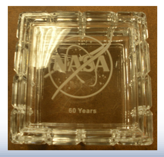
60 Year Memento – Recipient has their choice of: A crystal memory box with the NASA logo
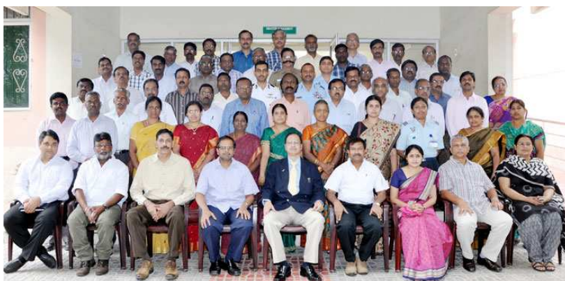
Group Photograph of State Level Workshop on "Formulation of State Disaster Management Plan at AIM Chennai.

Mainstream DRR in departmental plans. Fifty five
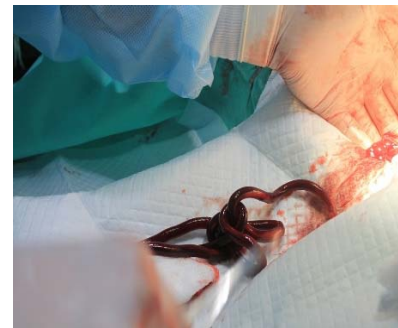
Figure 10 – Helminth extracted from the dog's kidney
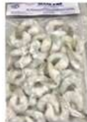
Frozen Raw Prawn Cutlet - Large Vietnam 700g/pack $30.00 Min. Order 700g/pack $42.85/kg
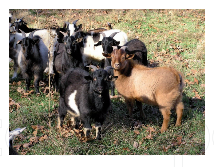
Figure 5. These young Myotonic bucklings show the stout conformation and heavy muscling typical of the breed, as well as a portion of the range of colors.
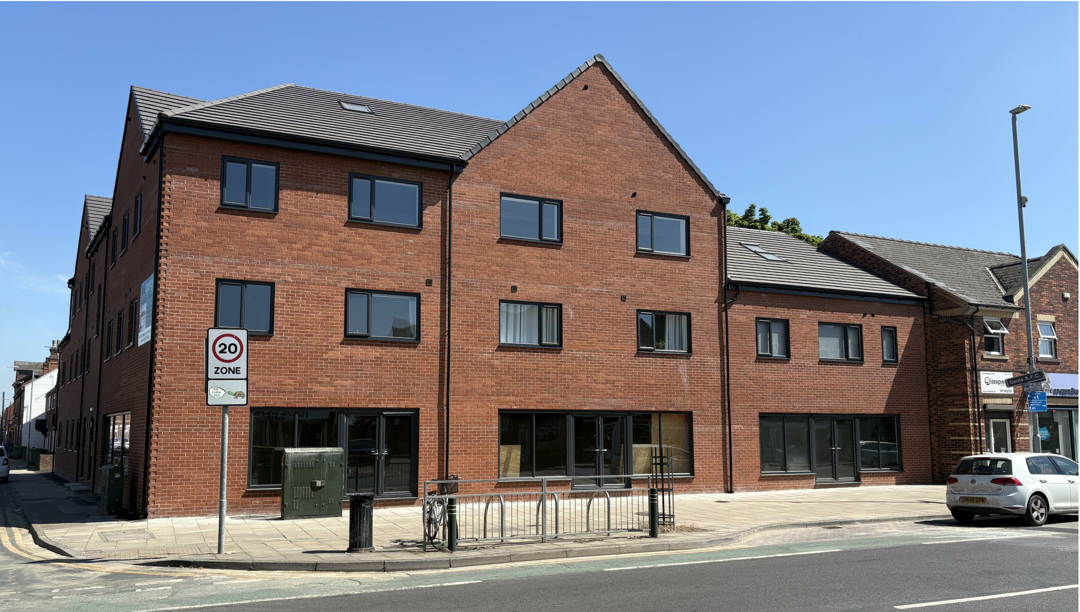
Carlton Apartments, Jackson Street, Goole, DN14 6DG £525 PCM
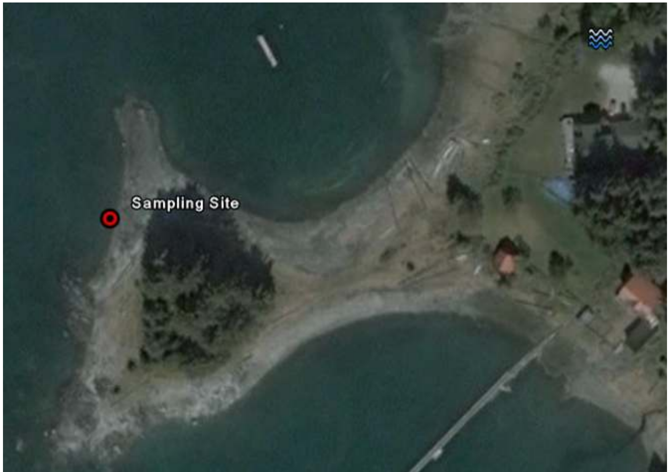
Figure 4: Map of Ann Coleman Street Beach.

This beach is located off of Fritz Cove Road, about 12 miles northwest of Juneau. It provides access to the Ann Coleman Wall Underwater Trail, a popular scuba diving route. Anglers often fish from the shore or small boats nearby. The beach is 1.75 miles southeast from the Auke Bay Wastewater Treatment Facility and the Auke Bay Harbor. This location is resulting in relatively heavy small boat traffic.
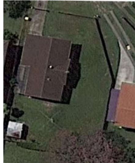
Left: Kat's property when she bought 6 years ago

If you have clay you can add gypsum, which changes the structure of the soil, adding calcium and making the salts more soluble so they wash away. It takes time, and it doesn't work on all clay types. The best method is to work with what you've got, and to grow plants that suit your soil.
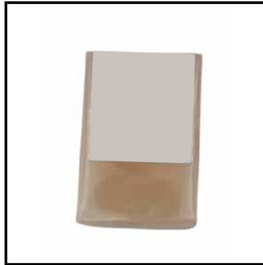
Handmade soap with extra virgin olive oil, honey and propolis
--
PROBLEM DETAILS — Give the entries above again word for word, without the pictures.

YOUR RESPONSE —
60 Year Memento – Recipient has their choice of: A crystal memory box with the NASA logo
Group Photograph of State Level Workshop on "Formulation of State Disaster Management Plan at AIM Chennai.

Mainstream DRR in departmental plans. Fifty five
Figure 10 – Helminth extracted from the dog's kidney
Frozen Raw Prawn Cutlet - Large Vietnam 700g/pack $30.00 Min. Order 700g/pack $42.85/kg
Figure 5. These young Myotonic bucklings show the stout conformation and heavy muscling typical of the breed, as well as a portion of the range of colors.
Carlton Apartments, Jackson Street, Goole, DN14 6DG £525 PCM
Figure 4: Map of Ann Coleman Street Beach.

This beach is located off of Fritz Cove Road, about 12 miles northwest of Juneau. It provides access to the Ann Coleman Wall Underwater Trail, a popular scuba diving route. Anglers often fish from the shore or small boats nearby. The beach is 1.75 miles southeast from the Auke Bay Wastewater Treatment Facility and the Auke Bay Harbor. This location is resulting in relatively heavy small boat traffic.
Left: Kat's property when she bought 6 years ago

If you have clay you can add gypsum, which changes the structure of the soil, adding calcium and making the salts more soluble so they wash away. It takes time, and it doesn't work on all clay types. The best method is to work with what you've got, and to grow plants that suit your soil.
Handmade soap with extra virgin olive oil, honey and propolis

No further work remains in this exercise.